THE DATA:
········
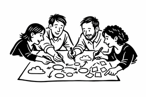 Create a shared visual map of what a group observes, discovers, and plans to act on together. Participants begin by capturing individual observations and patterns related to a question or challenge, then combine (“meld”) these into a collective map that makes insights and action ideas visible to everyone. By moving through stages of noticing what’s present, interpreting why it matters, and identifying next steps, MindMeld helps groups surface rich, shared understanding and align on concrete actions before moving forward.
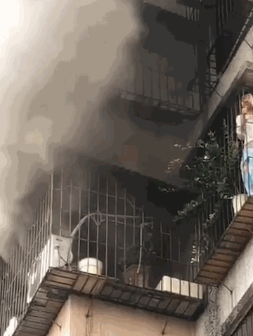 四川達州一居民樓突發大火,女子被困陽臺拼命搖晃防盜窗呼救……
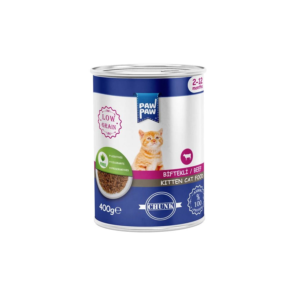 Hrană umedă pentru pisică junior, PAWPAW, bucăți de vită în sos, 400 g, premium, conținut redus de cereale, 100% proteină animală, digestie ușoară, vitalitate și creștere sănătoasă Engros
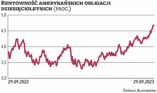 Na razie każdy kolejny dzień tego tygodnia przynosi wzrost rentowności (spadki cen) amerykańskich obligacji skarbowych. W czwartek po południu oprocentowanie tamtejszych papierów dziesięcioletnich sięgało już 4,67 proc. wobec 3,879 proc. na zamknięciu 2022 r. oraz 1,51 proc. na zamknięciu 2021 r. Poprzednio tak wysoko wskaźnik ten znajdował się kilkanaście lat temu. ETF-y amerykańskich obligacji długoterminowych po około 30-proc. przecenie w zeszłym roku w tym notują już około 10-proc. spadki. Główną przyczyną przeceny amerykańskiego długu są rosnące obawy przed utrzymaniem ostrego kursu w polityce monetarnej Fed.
········
WHAT YOU WILL DO:
In the listing above, find the line holding "四川達州一居民樓突發大火,女子被困陽臺拼命搖晃防盜窗呼救……" and the line holding "Hrană umedă pentru". Reproduce those two lines and all between them exactly, leaving out pictures.

ANSWER TO THE EXERCISE:
 四川達州一居民樓突發大火,女子被困陽臺拼命搖晃防盜窗呼救……
 Hrană umedă pentru pisică junior, PAWPAW, bucăți de vită în sos, 400 g, premium, conținut redus de cereale, 100% proteină animală, digestie ușoară, vitalitate și creștere sănătoasă Engros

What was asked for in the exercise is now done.